→ DIRECTIONS FOR THIS TASK
Nothing but the lines from the top of the data to the line holding "отличная вещь. ничего" should be printed, word for word and both ends included; leave the pictures out.

(Beginning of ENTRIES SUPPLIED)

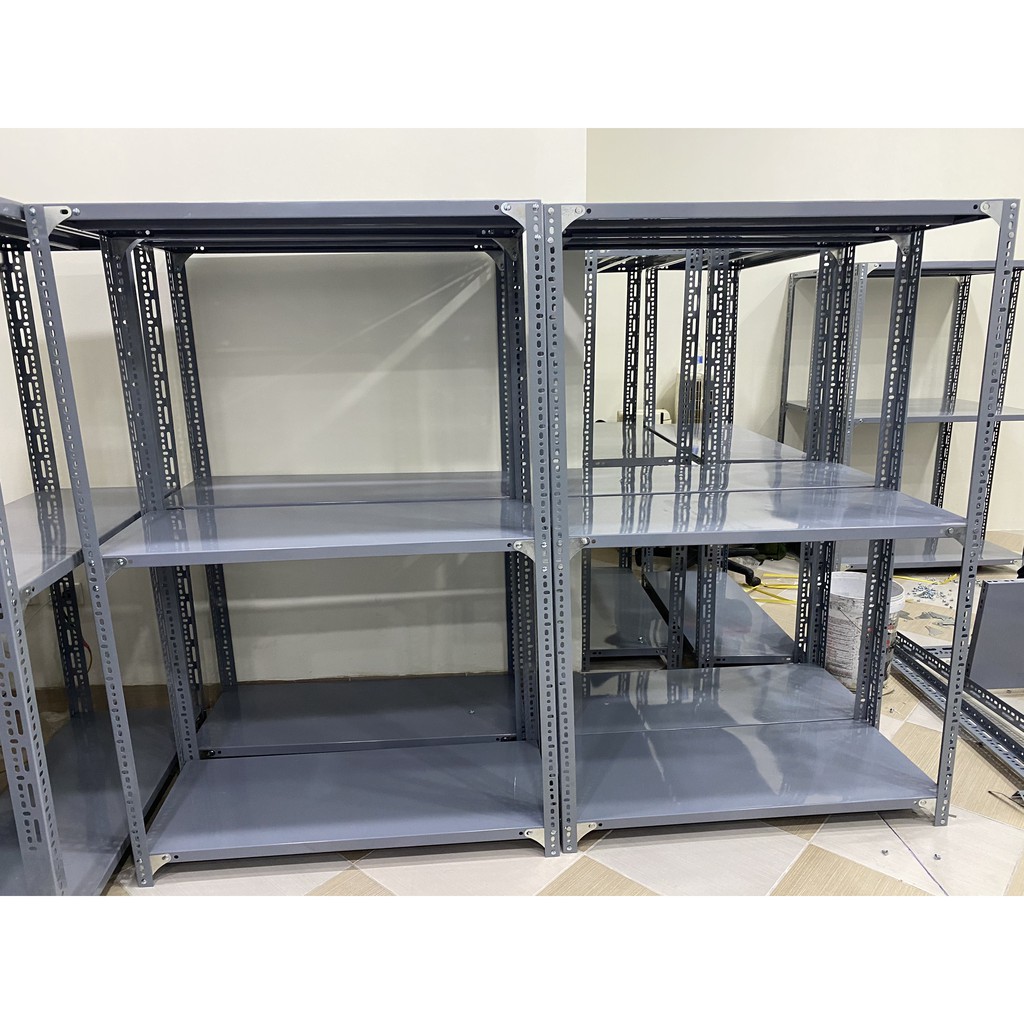 - Phụ kiện: Ke góc cho mỗi kệ sử dụng 8 ke góc 4 góc trên cùng và 4 góc dưới cùng. Bulong sử dụng loại M8X12 đầu tròn cổ vuông định vị kệ vuông góc không bị lệch.
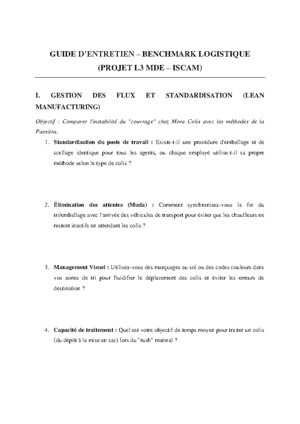 Guide Benchmark Logistique (Projet L3 MDE ISCAM) - Gestion des Flux et ...
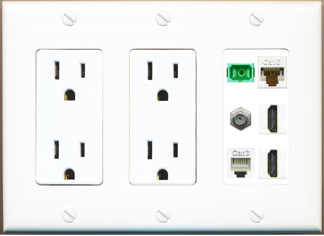 RiteAV 1 Port Fiber Optic Jack SC Simplex APC + Cat6 + Coax + 2 x HDMI + Phone Wall Plate-2 Outlet White
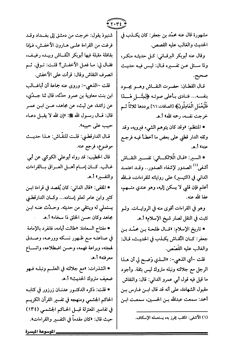 * السير: "قال اللَّالكائي: تفسير النقاش أشفى (¬1) الصدور لإشفاء الصدور .. وقد اعتمد الداني في (التيسير) على رواياته للقراءات، فالله أعلم فإن قلبي لا يسكن إليه، وهو عندي متّهم، عفا الله عنه.
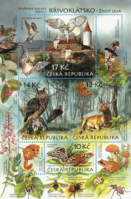 Příležitostný poštovní aršík se 4 známkami a 4 kupony zabývající se chráněnými druhy živočichů a rostlin na Křivoklátsku, jemuž dominuje ve známce 17 Kč hrad Křivoklát:
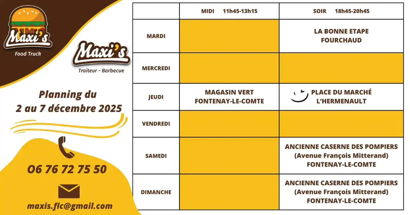 Maxi'S Food truck Burger et traiteur à Fontenay-le-Comte, Vendée
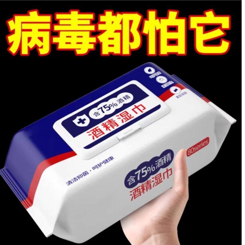 80抽含75度酒精湿巾消毒办公家用清洁卫生杀菌专用湿纸巾大包抑菌
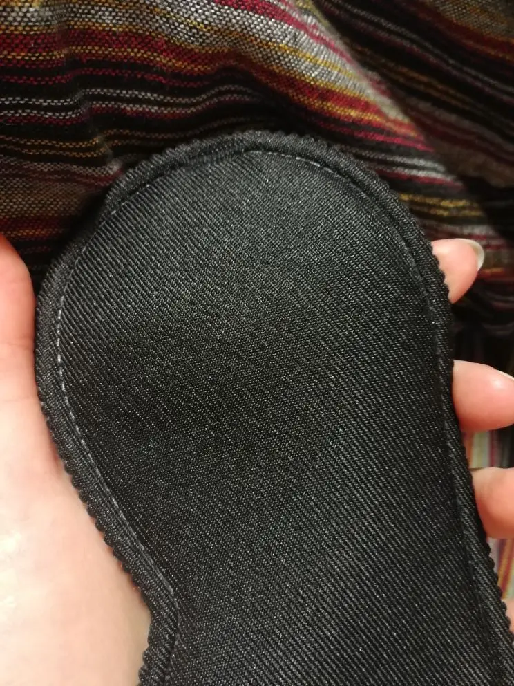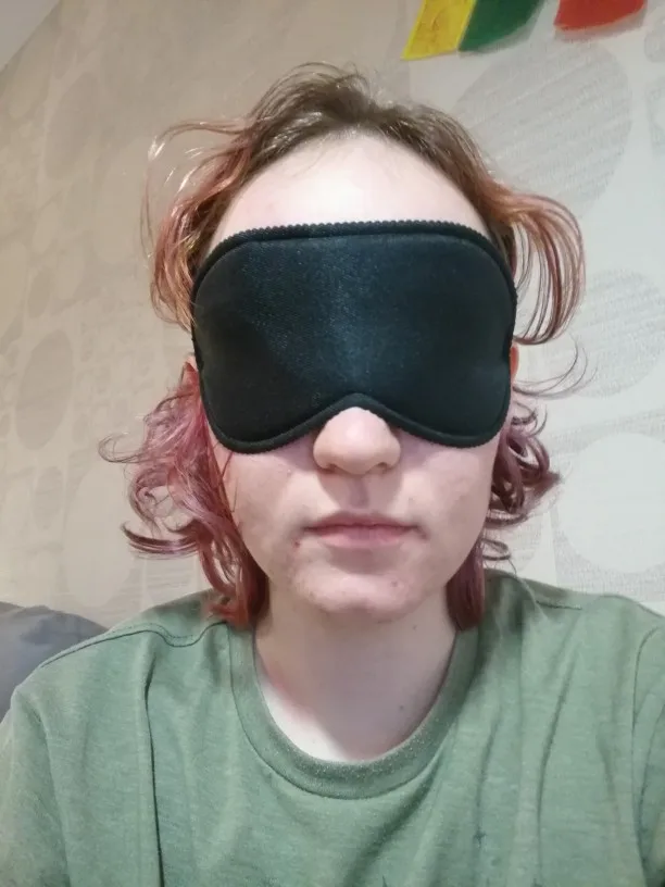 отличная вещь. ничего лишнего. ткань простая, со стороны лица помягче, снаружи погрубее. изделие выполняет свое предназначение. все что нужно для маски для глаз. фото полностью соответствует. в следующий раз закажу себе таких побольше
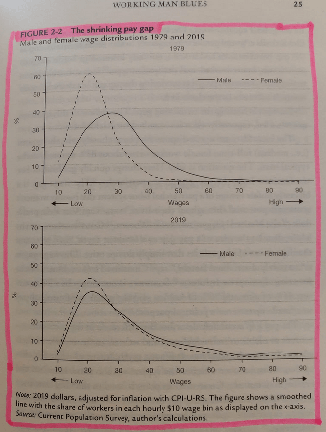 Znao sam da ženama ide sve bolje, a da su muškarci sve više u banani (zato sam i kupio knjigu), al’ me je ovaj donji graf ipak masivno (i ugodno

(End of ENTRIES SUPPLIED)

→ TASK OUTPUT
 - Phụ kiện: Ke góc cho mỗi kệ sử dụng 8 ke góc 4 góc trên cùng và 4 góc dưới cùng. Bulong sử dụng loại M8X12 đầu tròn cổ vuông định vị kệ vuông góc không bị lệch.
 Guide Benchmark Logistique (Projet L3 MDE ISCAM) - Gestion des Flux et ...
 RiteAV 1 Port Fiber Optic Jack SC Simplex APC + Cat6 + Coax + 2 x HDMI + Phone Wall Plate-2 Outlet White
 * السير: "قال اللَّالكائي: تفسير النقاش أشفى (¬1) الصدور لإشفاء الصدور .. وقد اعتمد الداني في (التيسير) على رواياته للقراءات، فالله أعلم فإن قلبي لا يسكن إليه، وهو عندي متّهم، عفا الله عنه.
 Příležitostný poštovní aršík se 4 známkami a 4 kupony zabývající se chráněnými druhy živočichů a rostlin na Křivoklátsku, jemuž dominuje ve známce 17 Kč hrad Křivoklát:
 Maxi'S Food truck Burger et traiteur à Fontenay-le-Comte, Vendée
 80抽含75度酒精湿巾消毒办公家用清洁卫生杀菌专用湿纸巾大包抑菌
 отличная вещь. ничего лишнего. ткань простая, со стороны лица помягче, снаружи погрубее. изделие выполняет свое предназначение. все что нужно для маски для глаз. фото полностью соответствует. в следующий раз закажу себе таких побольше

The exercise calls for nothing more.